Después de haber conseguido llevar a un grupo de mercaderes usureros a la ruina, tuviste que poner tierra de por medio tras enterarse de que huiste con parte de su dinero, tanto como pudiste caminaste hacia el sur hasta que solo pudo detenerte la costa rocosa. Llegaste a una pequeña ciudad llamada Umioka, un pequeño puerto dotado de largos muelles, destino de naves de Korea y China que traen consigo exiliados en su mayoría. Lejos de ser una rica urbe, tampoco es consumida por la miseria, pero habrá de andarse con cuidado cuando la bruma toma el puerto sur al cobijo nocturno, pues es mesa servida de criminales, prostitutas baratas y contrabandistas, ninguno de ellos muy amigable. Siempre llevado de tu parecer, negándote a cambiar tus desgastadas ropas que te sirven de camuflaje entre las desdichadas gentes, te abriste paso entre los callejones barrosos por la reciente lluvia, y como es costumbre te ofreciste de criado en una izakaya a ver qué conseguías. Tu espalda encorvada y tu cojera redujeron las suspicacias, y pronto estabas sirviendo sake a piratas y criminales de toda calaña que te observaban con menosprecio. Entre los clientes que frecuentaban la posilga que descaradamente llamaban iazakaya, conociste un día a un contrabandista al que llamaban “pez ahogado”, probablemente por sus ojos vidriosos idénticos al de un pez fuera del agua. El sujeto se dedicaba a traer prostitutas desde China y Korea a encargo de los burdeles locales, pero en secreto se dedicaba mayoritariamente en mover cargamentos de opio para un criminal local. Rompiendo en su ego con sencillos halagos, susurraste tus verdades hasta ganar su simpatía, para cuando quiso darse cuenta estaba sentado frente a ti con camaradería, balbuceando sandeces entre las que se distinguía un trato sobre un cargamento de opio. Pensado que podrías sacar algo bueno de ello, sembraste en mente el pensamiento de robarlo, y regándolo con adulaciones vacías finalmente germinó como una idea propia. Pez ahogado contrató unos piratas para fingir un robo, tomo la mercancía y la revendió a otro hombre que lamentablemente no lograste conocer, pero antes de que todo eso sucediera, te escabulliste en la bodega en complicidad con las sombras para tomar una parte, al fin de cuentas difícilmente se darían cuenta de que falta uno que otro barril.

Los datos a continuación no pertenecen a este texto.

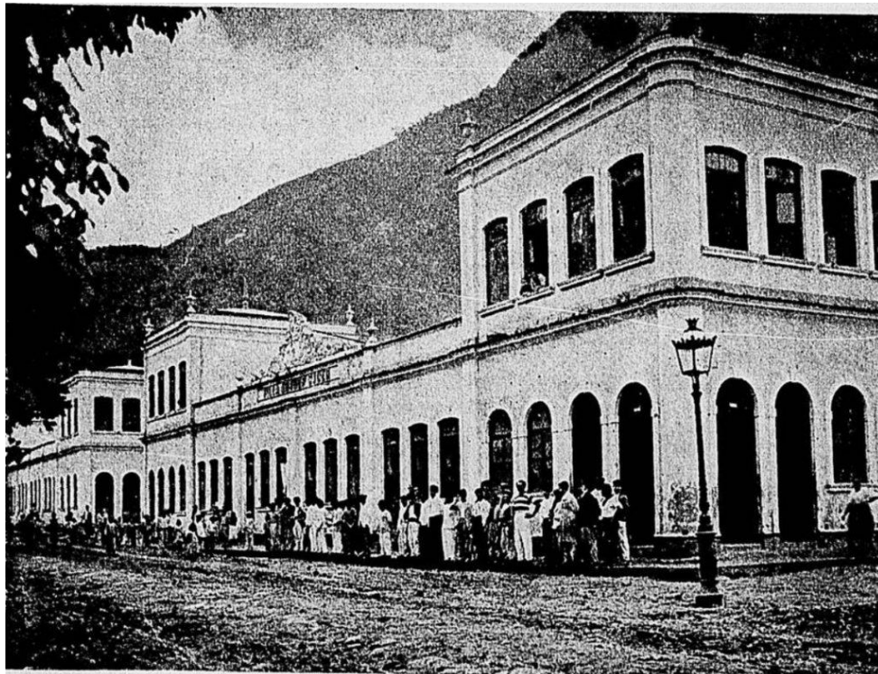
Figura 6 – Funcionários em frente à Vila Arthur Sauer. Revista da Semana, 10 de março de 1901.

Ya en tu destartalada choza cercana a los muelles del sur, levantada con el dinero restante de tu antiquísimo golpe a los mercaderes, guardas bajo tierra los tres barriles de opio que lograste arrebatarles, pero que necesitan ser vendidos antes de que la noticia del robo se extienda.
Otros se hubieran desprendido de sus hediondas ropas en cuanto hubieran ganado algo de dinero. Retsudo sabía que la inmundicia y la indigencia eran mascaradas perfectas para pasear entre la gente. La mayoría evitaba mirarle directamente y los pocos que lo hacían volvían la mirada al contemplar sus cicatrices y malformaciones. No era una estampa agradable de ver. Pronto le olvidaban y él, como una sombra, podía recorrer las calles como si fuese invisible.
Despertaba lástima y ninguna sensación de peligro. ¿Qué peligro podía ofrecer un hombre que a todas luces ya se encontraba derrotado? Pero la verdadera espada de un hombre fuerte era su mente, no un pedazo de metal atado al cinto. Pocos lo entendían.
Gracias a su aspecto y a su hedor, consiguió ganar un trabajo en la izakatya. Poco dinero, mucho esfuerzo. Poco importaba. Aquel lugar era visitado por gente de toda calaña. Y especialmente por la de su tipo; poderosos y bobos. Había hombres del mar, algún mercader, y piratas. Había sido un buen lugar para empezar. No solo había conseguido algo de información valiosa sino que, si uno sabía escuchar, podía percibir la tonada que estaba tocando la villa de Umioka. Y era, como siempre, una tonada triste cargada de desesperación, bilis y soledad.
Engañó al pirata. Había sido fácil. Aquellos que ostenta una posición de poder sin merecerla creen ser los amos de sus destinos. Es fácil controlar ese timón cuando el capitán está mirando su propio ombligo. Pez Ahogado pronto haría honor a su hombre. Había traicionado a su patrón y robado su propio cargamento. Lo vendió bien…salvo tres barriles que él mismo le había sustraído. Y ahí terminaba toda su relación con él. Si lo había hecho bien, Pez Ahogado ni siquiera se habría enterado de que le faltaban tres barriles de opio.
No sin esfuerzo había enterrado su preciado botín cerca de su nueva morada. El robo era una profesión lucrativa pero escondía un segundo filo que podía cortarte. Además, no le gustaba mancharse las manos él mismo y ahora mismo le dolían todas las articulaciones de los dedos. El trabajo físico no era para él. Quizás, pronto, obtendría el estatus que merecía. Mientras, jugaba con las vidas de otros igual que un maquiavélico marionetista, conduciendo sus caminos hacia su propia destrucción y sacando un beneficio por ello.
Tendría que vender pronto el material robado, no quería atraer miradas sobre sí mismo. Se colocó un pedazo de tela sobre el rostro y una capucha, se arrebujó en su ropa como un alma en pena y empezó su periplo por la ciudad. Había escuchado donde se encontraban algunos de los fumaderos de opio de la ciudad*. Suponía que era un buen lugar para empezar sus pesquisas.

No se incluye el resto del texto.